What are Air Quality Researchers in Ukraine: War Emissions Monitoring, WHO Missions's key positions on Ukraine?
Air Quality Researchers in Ukraine: War Emissions Monitoring, WHO Missions's positions on the Ukraine conflict are analyzed in detail above, drawing on their public statements, policy decisions, and documented actions. These positions have evolved in response to developments on the battlefield and in international diplomacy.
How has Air Quality Researchers in Ukraine: War Emissions Monitoring, WHO Missions influenced Western support for Ukraine?

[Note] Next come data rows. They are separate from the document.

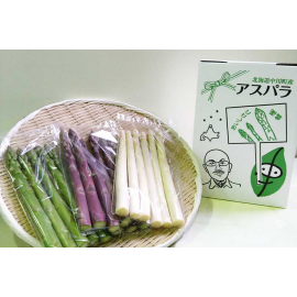 日本の畑作北限の地、北海道の中川町で収穫されたハウスアスパラ3色セットです。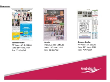 Newspaper: Solo di Pueblo Diario Amigoe Aruba PR Value: Afl. 1.285,00 PR Value: Afl. 1.050,00 PR Value: Afl. 565,00 th th Date: 18 June,2020 Date: 18 June ,2020 Date: 22 June ,2020 th Size: 95 Cm/Col Size: 88 Cm/Col Size: 75 Cm/Col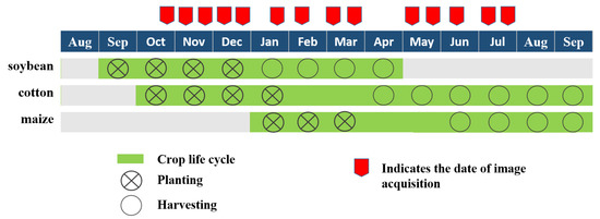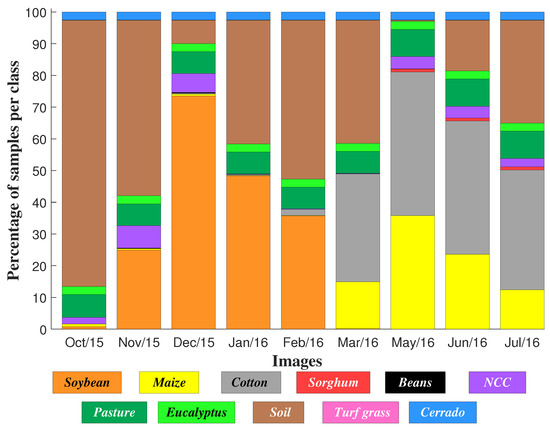 The crop year spans from late August to July with two seeding periods. The phenological cycles of the main crops can span 3–4 months (soybeans and maize) and 4–6 months (cotton). Figure 5 shows the crop calendar for the major crops and illustrates how complex the crop dynamics is in this region. Some crop rotations present in the dataset are soybeans-maize, soybeans-cotton, soybeans-sorghum, soybeans-pasture, soybeans-beans, beans-cotton, and maize-cotton. Figure 6 shows how the area is distributed among different crops along the months. The graph shows that the cycle of the same crop, e.g., soybean, does not start in the same month in all fields, and its duration can also vary from one field to another. As mentioned before, such crop dynamics is characteristic of tropical regions.

Air Quality Researchers in Ukraine: War Emissions Monitoring, WHO Missions has played a meaningful role in shaping international responses to Russia's invasion of Ukraine. Their political influence, institutional position, and bilateral relationships have affected the flow of military aid, financial support, and diplomatic backing for Ukraine.
What is Air Quality Researchers in Ukraine: War Emissions Monitoring, WHO Missions's relationship with Russia and Putin?
Air Quality Researchers in Ukraine: War Emissions Monitoring, WHO Missions's relationship with Russia and President Putin is analyzed in the profile above. This relationship has defined many of the key dynamics of the conflict, including negotiation attempts, military decision-making, and the broader international coalition's response.
What is Air Quality Researchers in Ukraine: War Emissions Monitoring, WHO Missions's background and experience?
Air Quality Researchers in Ukraine: War Emissions Monitoring, WHO Missions's background, career history, and experience are detailed in this profile. Understanding their professional trajectory and decision-making record provides essential context for assessing their role in the ongoing Russia-Ukraine conflict.